Particularly egregious with respect to Colleyville were initial comments by President Biden and the FBI’s Matthew DeSarno. The former expressed uncertainty about why the terrorist targeted the synagogue and the latter stated that the attacker was “singularly focused” on an issue “not specifically related to the Jewish community.”

This phenomenon is especially pronounced when, as in Colleyville, the profile of the perpetrator (a British Muslim of Pakistani extraction) doesn’t easily allow influencers and power brokers to advance their own broader agendas.

For example, while some people might remember the murderous antisemitic attacks perpetrated by white supremacists in Pittsburgh and Poway, few would recall the deadly rampages on Jewish targets in Jersey City and Monsey, both carried out by black assailants.

How many have ever heard about the crowd in Jersey City that gathered on-site after that attack, which included individuals who blamed Jews for what had happened, called for their expulsion, and praised the attack?

Two years later, who remembers the local board of education member, Joan Terrell-Paige, who in the wake of the Jersey City attack issued a hate-filled post on Facebook that smeared Jews and asked readers to consider the message that the terrorists were sending?

As for Monsey, how many recall that attack victim Rabbi Yosef Neumann eventually died of his wounds? How many are aware that the perpetrator, Grafton Thomas, has still not faced justice?

On a national level the answer is clear—practically no one.

When we peel back the layers of the narrative, we learn that we would be fooling ourselves to think that Islamists, minorities poisoned by antisemitism and the political far-left are its only contributors.

While the unhinged Robert F. Kennedy, Jr. is the scion of a famous Democratic family, many of the protests about issues relating to the pandemic are comprised in no small part by people from the right wing of the political spectrum, among whom are many who have no compunction about making disgusting comparisons to the Holocaust, wearing yellow stars and the like. This phenomenon has not sufficiently been condemned by major figures on the political right.
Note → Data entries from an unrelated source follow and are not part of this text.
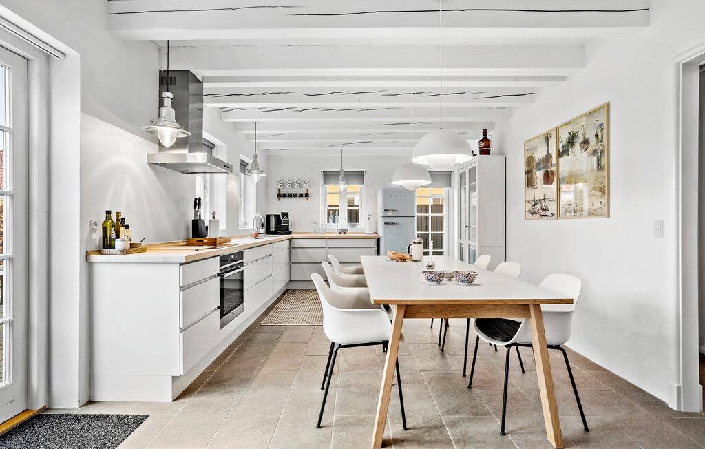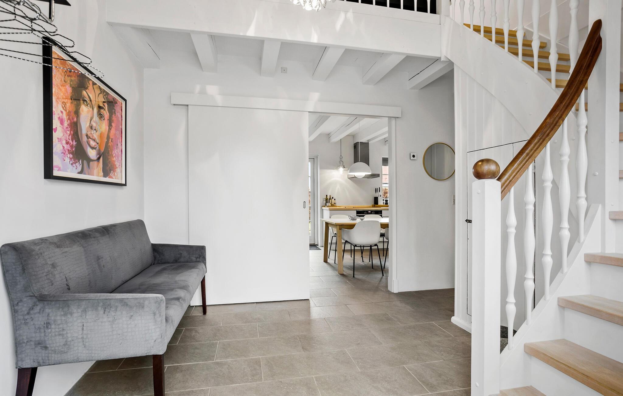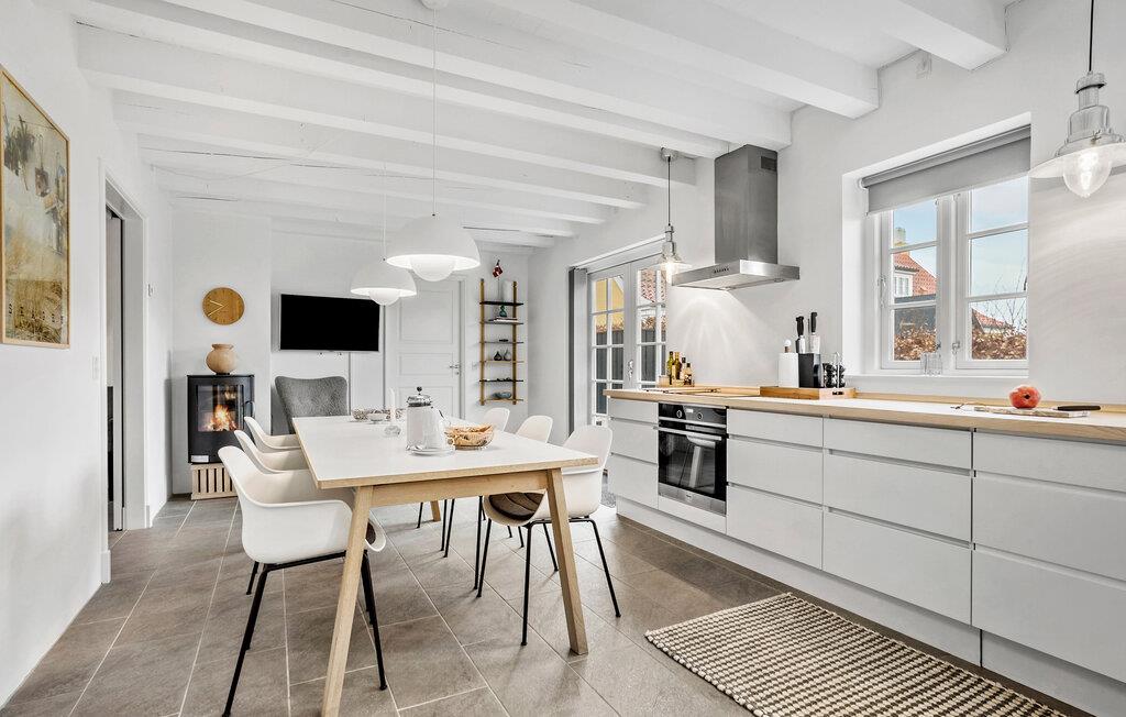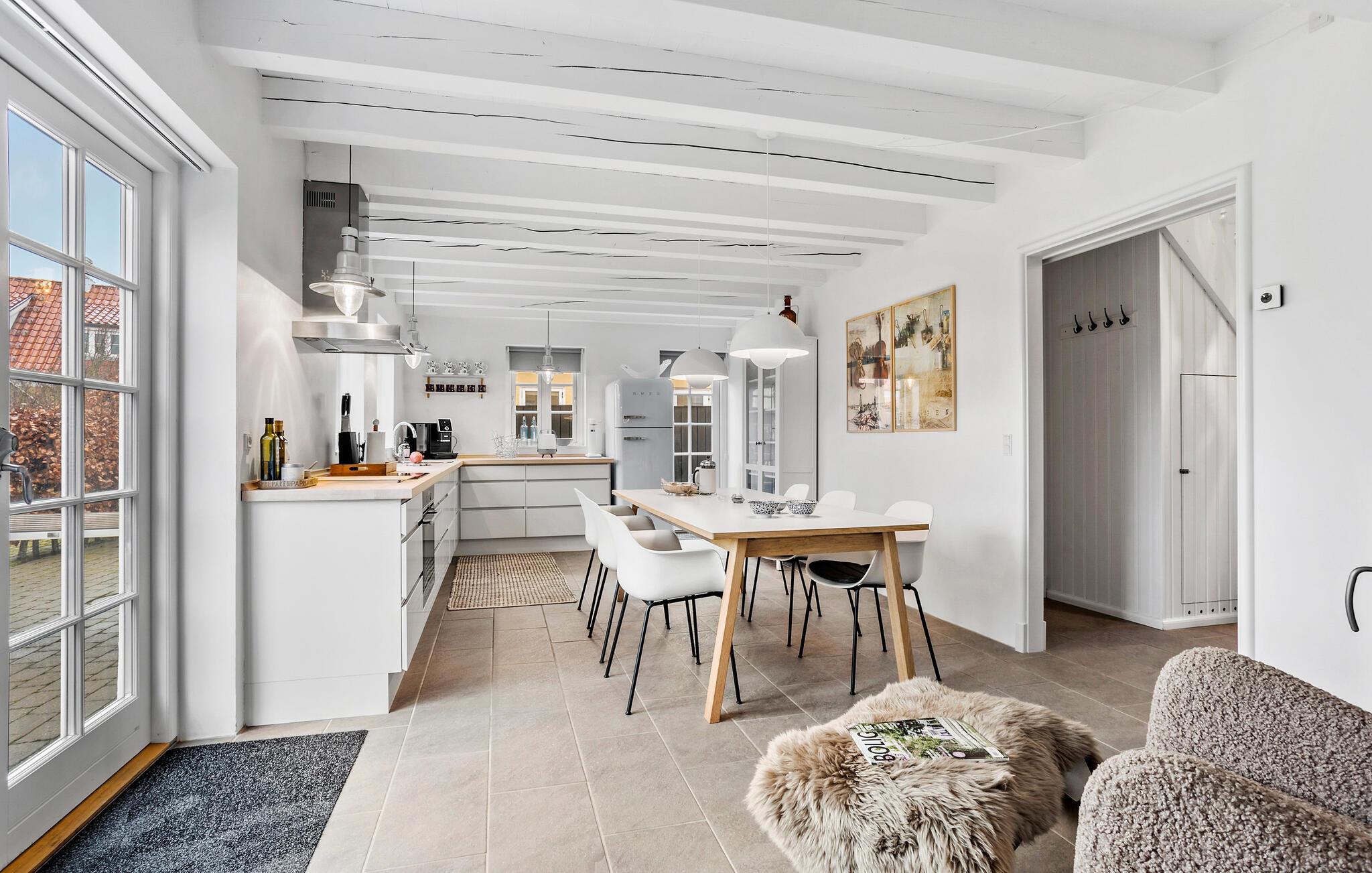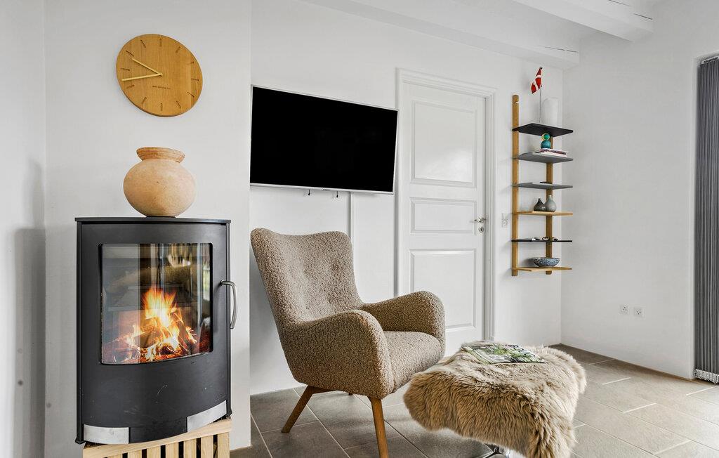 Oplev et afslappende ophold i dette charmerende feriehus, som forener ro og komfort. Den smagfulde indretning og det gennemtænkte udstyr gør jeres ferie uforglemmelig. Træd ind i jeres hus, der er lyst og moderne indrettet, med et åbent opholds- og spiseområde. Lav mad sammen i det åbne køkken med et rummeligt spisebord. Slap af i den hyggelige opholdsstue med brændeovn og fjernsyn, eller træk jer tilbage til overetagen, hvor endnu en opholdsstue med sofahjørne venter på jer. Og hold en afslappende pause i det lille spabad i badeværelset.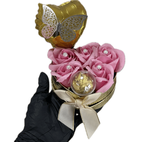 Caja Corazón Pequeña con 5 rosas Aromáticas, 1 bombón más globito y mariposa.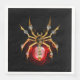 Mechanical, steampunk spider with gold, brass gears and a red glass lamp on a black background. Steampunk style.

We must not give a free pass when politicians with strong records on Israel nonetheless manage to contribute to the problem in their own way. When Christina Pushaw, press secretary for Governor Ron DeSantis of Florida, reacted to the recent neo-Nazi demonstration in Orlando by tweeting the question “Do we even know they’re Nazis?” she was doing just that.

DeSantis did nothing to remedy things by then portraying himself as a smear victim for being accused of not taking a firm enough stand against the neo-Nazis. Given all of the recent antisemitic activity in his state, this was a particularly tone-deaf response.
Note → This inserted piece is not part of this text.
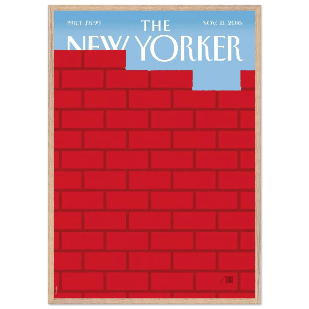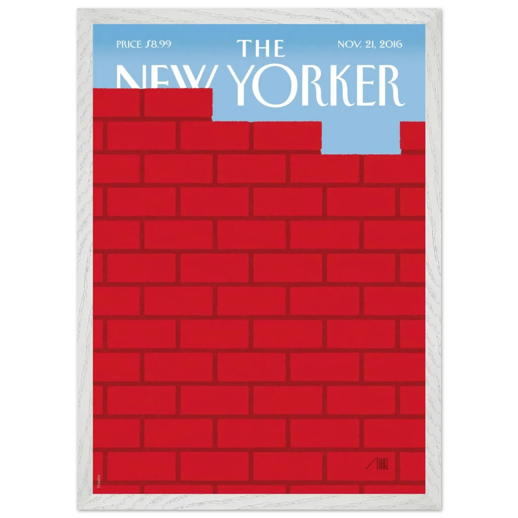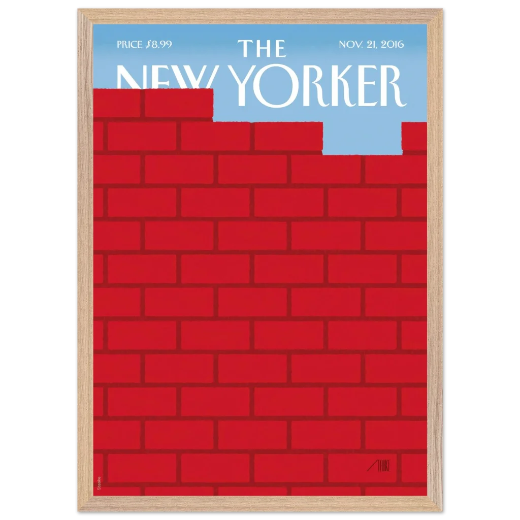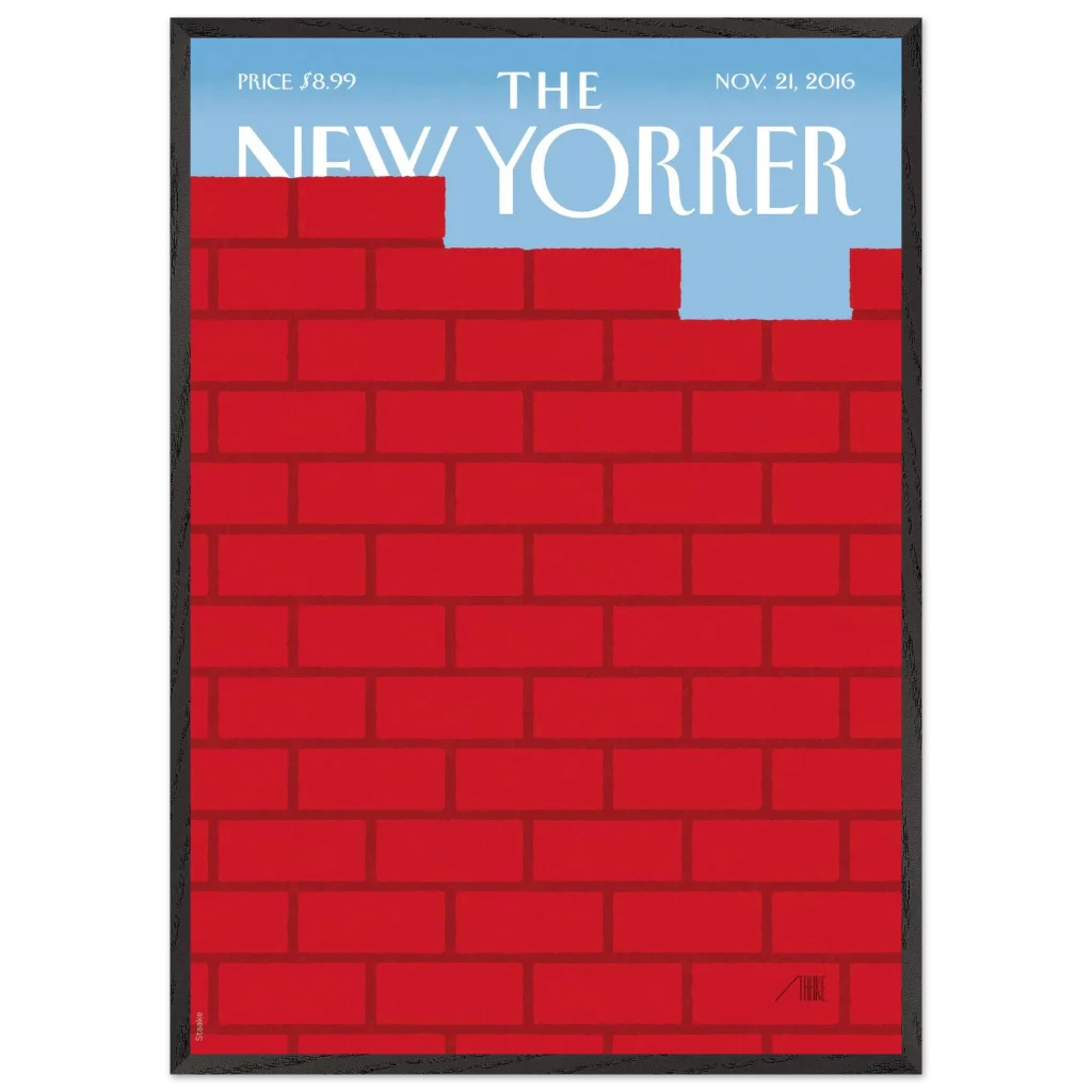 Capture a piece of iconic commentary with “The Wall” framed poster, a vibrant, minimalist tribute to classic New Yorker covers. Featuring a striking red brick wall partially obscuring the magazine’s masthead against a serene blue sky, this artwork provokes thought and adds a bold, contemporary statement to any space. It’s a powerful visual metaphor that resonates with art lovers and collectors alike.

Beyond looking outward, we need to look inward as well. Ultimately, the most dangerous false narrative for Jews is the one we tell ourselves, a time-honored Jewish “custom” that shields the Jewish psyche from the tenuous nature of our existence in exile.
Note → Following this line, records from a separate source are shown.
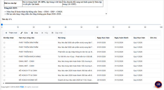 • 📅 Tự động xây dựng Action Plan chi tiết theo quý – tháng – tuần, liên kết trực tiếp với module KPI và dashboard hiệu suất.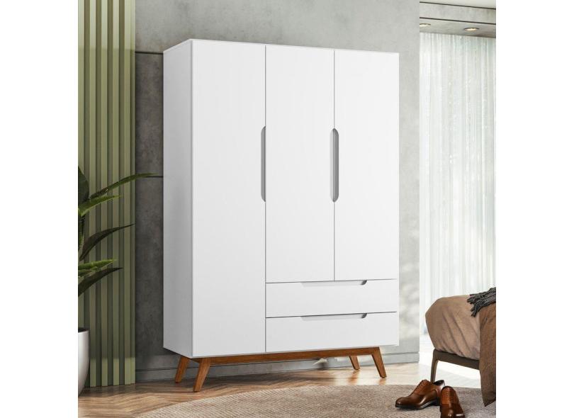 Guarda Roupa Retro Alpi 3 Portas 2 Gavetas Branco - Olivar Móveis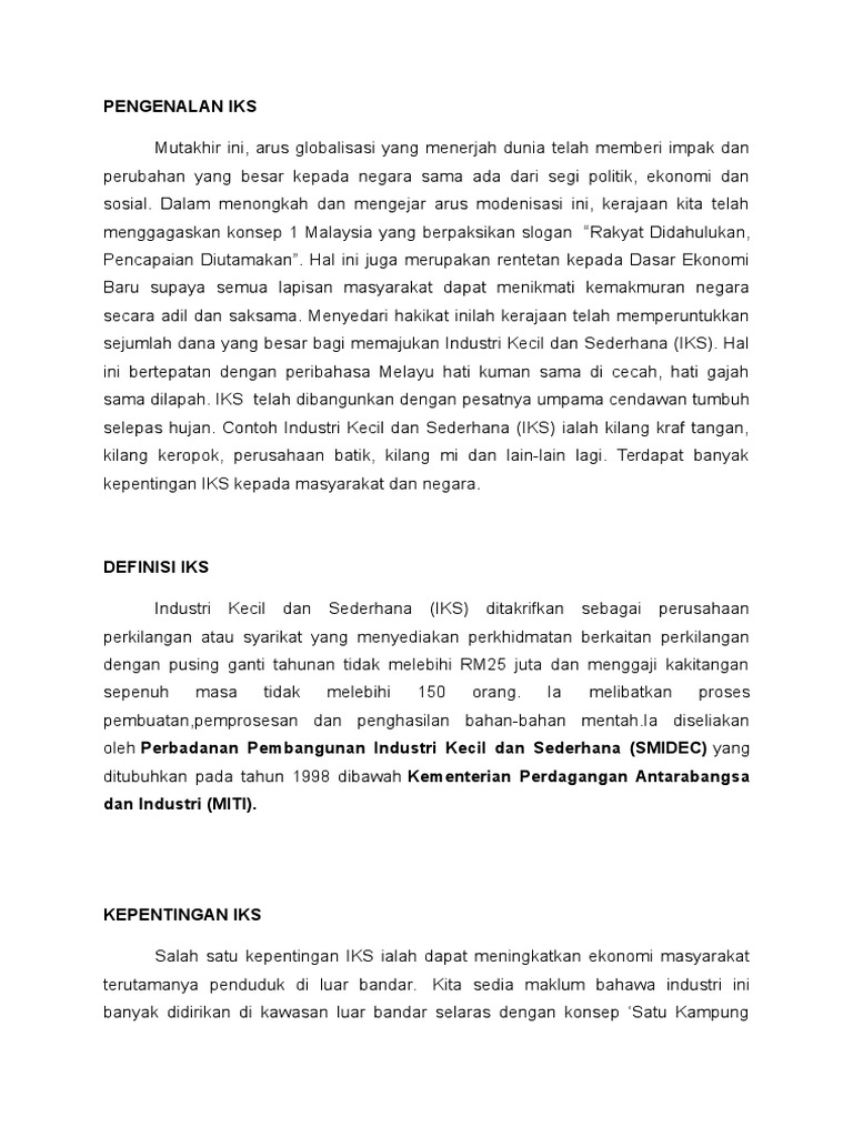 Karangan Industri Kecil Dan Sederhana Iks Ilmu Untuk Semua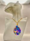 Questo pendente nasce come una piccola meditazione cristallizzata. Le sue sfumature di blu profondo si incontrano con il viola mistico in un punto esatto di silenzio: quel luogo interiore in cui tutto finalmente si placa. Le venature dorate non sono semplici dettagli: rappresentano la luce che sopravvive anche nei giorni più confusi. Il respiro che ritorna, l'intuizione che illumina. Indossarlo è come portare con sé una promessa di pace, un ritorno costante al proprio centro.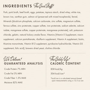 Pork, Pork Broth, Beef Broth, Eggs, Potatoes, Tapioca Starch, Dried Whey, White Rice, Brown Rice, Xanthan Gum, Salmon Oil (preserved with mixed tocopherols),Fennel, Minerals [Dicalcium Phosphate, Calcium Carbonate, Zinc Sulfate, Magnesium Sulfate, Ferrous Sulfate, Zinc Proteinate, Copper Sulfate, Iron Proteinate, Sodium Selenite, Calcium Iodate, Manganese Sulfate, Copper Proteinate, Manganese Proteinate], Salt, Potassium Chloride, Gelatin, Natural Hickory Smoke Flavor, Vitamins [Vitamin E Supplement, Niacin Supplement, Calcium Pantothenate, Riboflavin Supplement, Vitamin A Supplement, Biotin, Thiamine Mononitrate, Vitamin B12 Supplement, Pyridoxine Hydrochloride, Vitamin D3 Supplement, Folic Acid],Brewers Dried Yeast, Choline Chloride.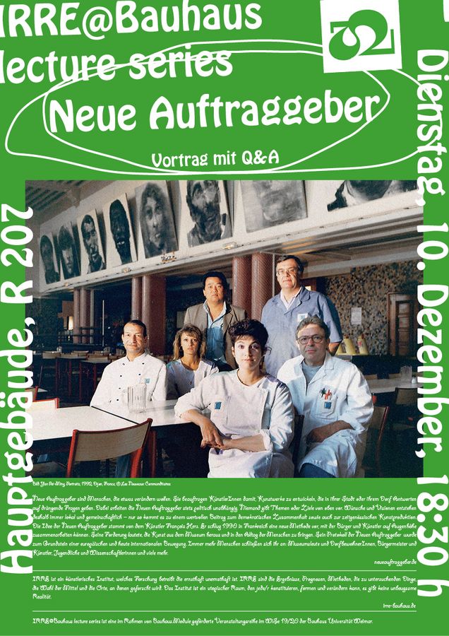 Unter dem Titel »IRRE@bauhaus« präsentiert das IRRE Institut mehrere Veranstaltungen an der Bauhaus-Universität Weimar im Wintersemester 2019/2020. Am 10. Dezember lädt der Verein »Neue Auftraggeber« zu einem Vortrag mit anschließendem Q&A.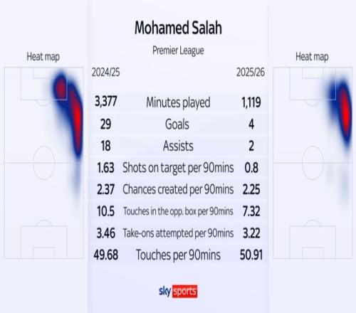 从数据来看,萨拉赫本赛季状态明显下滑,场均射门从1.63次下降到0.8次,场均创造机会、对手禁区内触球、突破次数分别从2.37次、10.5次、3.36次下降到2.25次、7.32次以及3.22次。

We should therefore remember an interesting fact about Colleyville. The turn of events that led to the survival of the three Jewish hostages was itself the subject of lies, one claiming that they were rescued by law enforcement and the other that they were released by the terrorist himself.

Both of these descriptions about the resolution of the Colleyville synagogue siege were wrong, and like so much of the falsehoods about Jews, contradictory. The reality was that the Jewish hostages evaluated the situation and ultimately, with G-d’s help, took decisive action to save themselves.

If we can learn to act in that spirit in a broader sense, there is no doubt that we can free ourselves from all of the false narratives that confront us by the only means that have ever worked in our people’s long history.

Eric Ruskin is an attorney and a member of the Board of Directors of the Israel Independence Fund.